- Robert Mugabe
- Directed by: Shrenik Rao
- Release date: October 2010;
- Running time: 60 minutes
- Countries: India, Zimbabwe, UK
- Language: English

= Mugabe's Zimbabwe =

Mugabe's Zimbabwe is a 2010 documentary film directed by Shrenik Rao.

==Synopsis==
The film narrates the story of Zimbabwe under three decades of Robert Mugabe’s rule as the President of Zimbabwe. The story focuses on how Zimbabwe, from its successful independence, under Robert Mugabe’s rule collapsed dramatically.

The film features exclusive interviews with the Vice-President of Zimbabwe Ms. Joyce Mujuru, the Governor of Reserve Bank of Zimbabwe - Dr. Gideon Gono, Mr. Joseph Msika, the second Vice-president of Zimbabwe, Ms. Clare Short (British Secretary of State for International Development (1997–2003), Professor Arthur Mutambara (Deputy prime Minister of Zimbabwe (2009–2013) and Leader of the Opposition Party Movement for Democratic Change and Archbishop Pius Ncube (Former Archbishop of Bulawayo Zimbabwe), a political refugee.

==Reception==

Mugabe’s Zimbabwe was taken up for world-wide distribution by TVF International and was featured as one of the 'Hot Picks of 2011' by Real Screen at Cannes. The film was critically acclaimed by media across the world.

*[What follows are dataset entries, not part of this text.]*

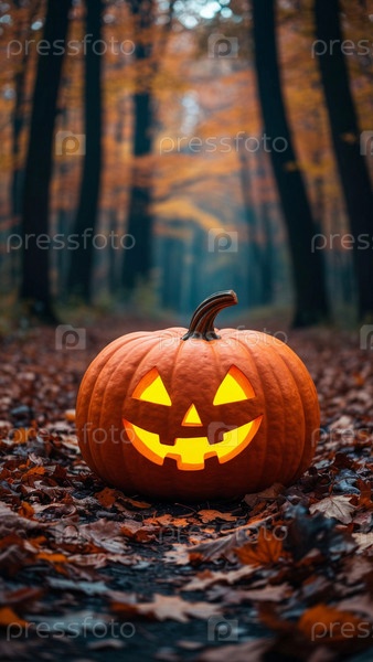 Светящийся тыквенный фонарь на фоне осеннего леса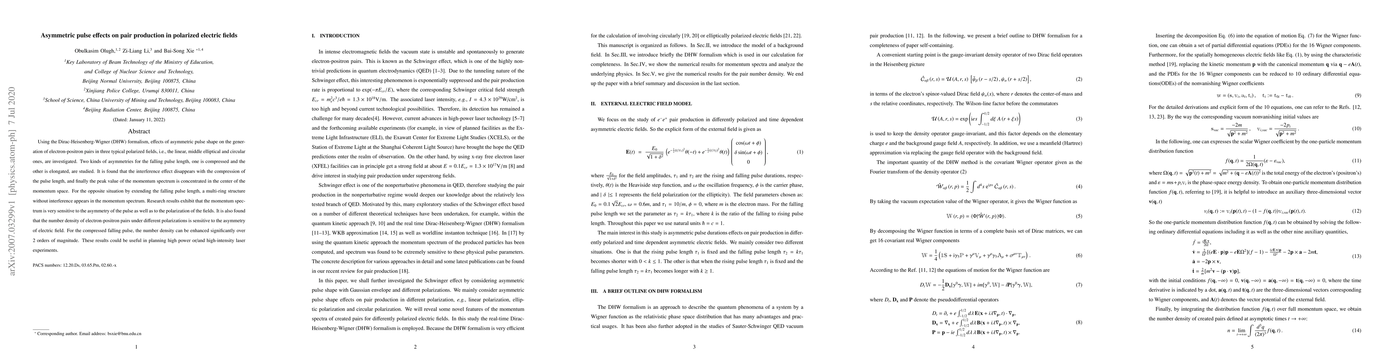 Using the Dirac-Heisenberg-Wigner (DHW) formalism, e?ects of asymmetric pulse shape on the generation of electron-positron pairs in three typical polarized fields, i.e., the linear, middle elliptical and circular ones, are investigated. Two kinds of asymmetries for the falling pulse length, one is compressed and the other is elongated, are studied. It is found that the interference e?ect disappears with the compression of the pulse length, and finally the peak value of the momentum spectrum is concentrated in the center of the momentum space. For the opposite situation by extending the falling pulse length, a multi-ring structure without interference appears in the momentum spectrum. Research results exhibit that the momentum spectrum is very sensitive to the asymmetry of the pulse as well as to the polarization of the fields. It is also found that the number density of electron-positron pairs under di?erent polarizations is sensitive to the asymmetry of electric field. For the compressed falling pulse, the number density can be enhanced significantly over 2 orders of magnitude. These results could be useful in planning high power or/and high-intensity laser experiments.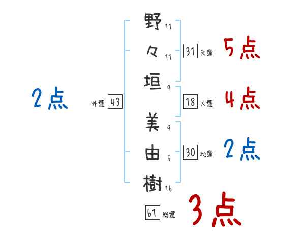総運![]() | 野々垣美由樹さんの総運は61画の3つ星!強情な性格でうぬぼれタイプ。自ら破滅する。 あなたの人生を表す1番重要な運勢です。生涯を通じて影響する総合運となり、主に50歳以降の晩年期に影響を及ぼします。 |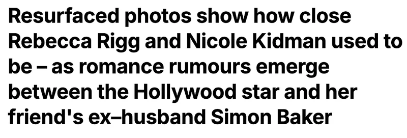 而这场绯闻,也牵扯出更多争议:西蒙·贝克的前妻丽贝卡·里格,竟是妮可相识多年的儿时闺蜜。对于此传闻,丽贝卡感到十分困惑和痛心。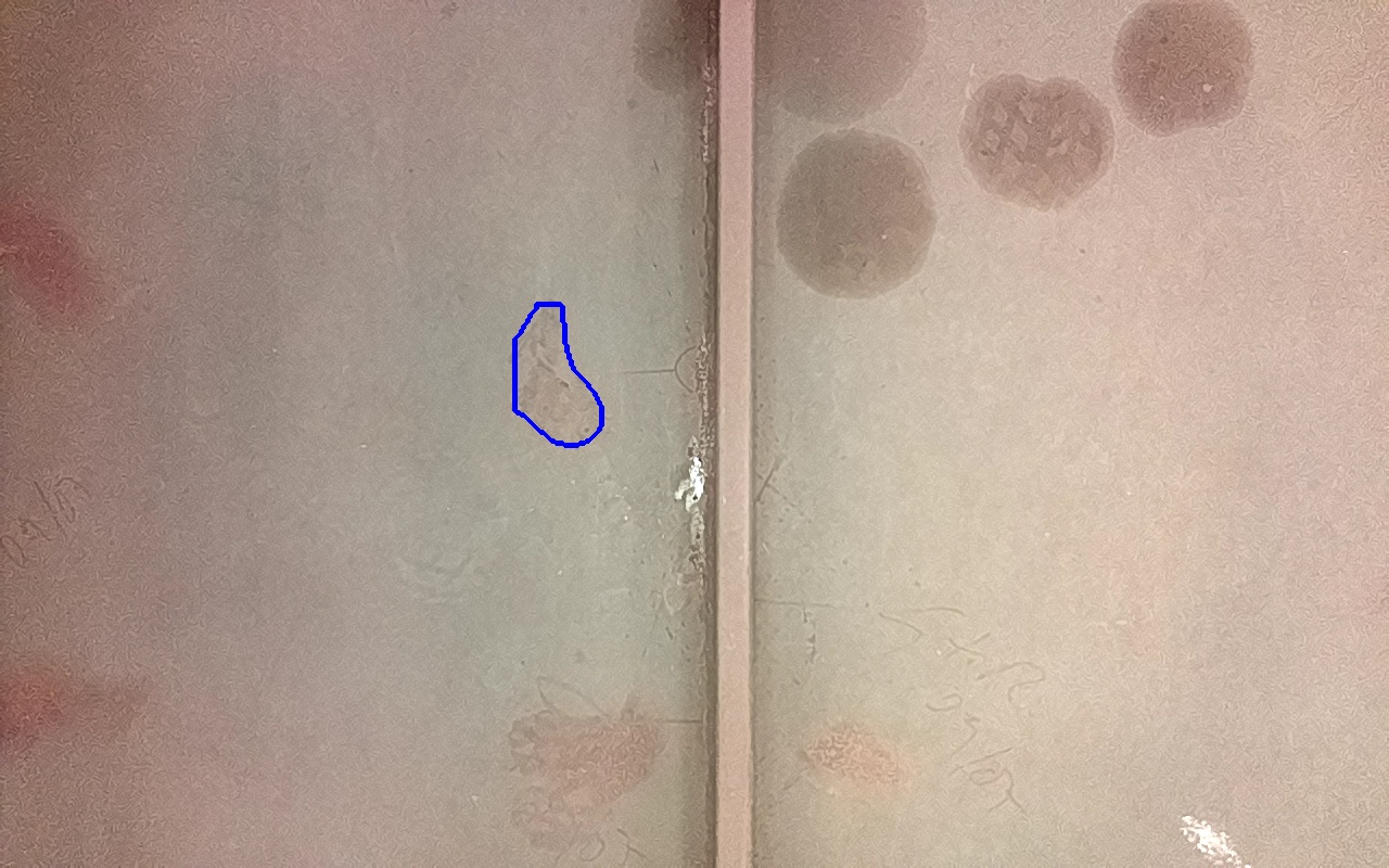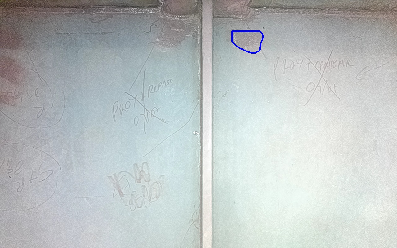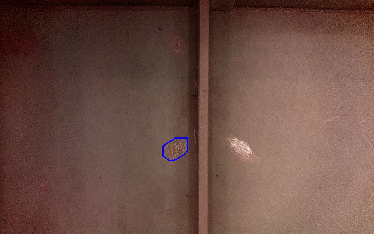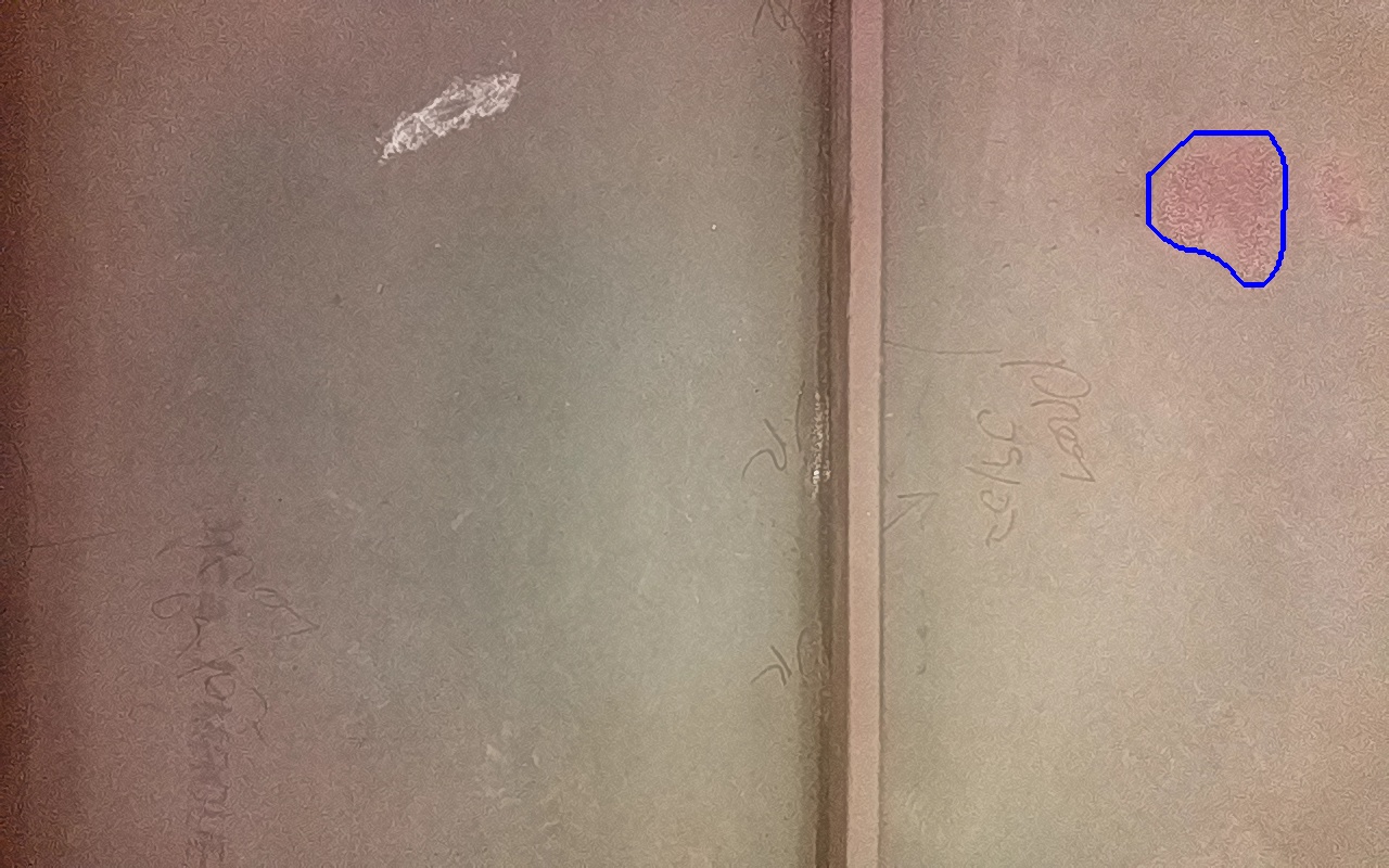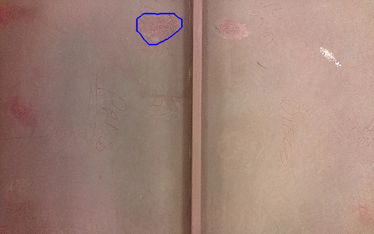 Rayaduras o zonas de metal expuestas con productos de óxido débilmente adherido.

 Pulitzer Prize–winning journalist Barry Bearak of the New York Times said that 'the film seems a primer to the situation, something of value especially to those not yet familiar with Zimbabwe and its recent
history'.
It has been licensed on several media platforms and aired on Television networks across the world.
The film has been translated to 18 languages.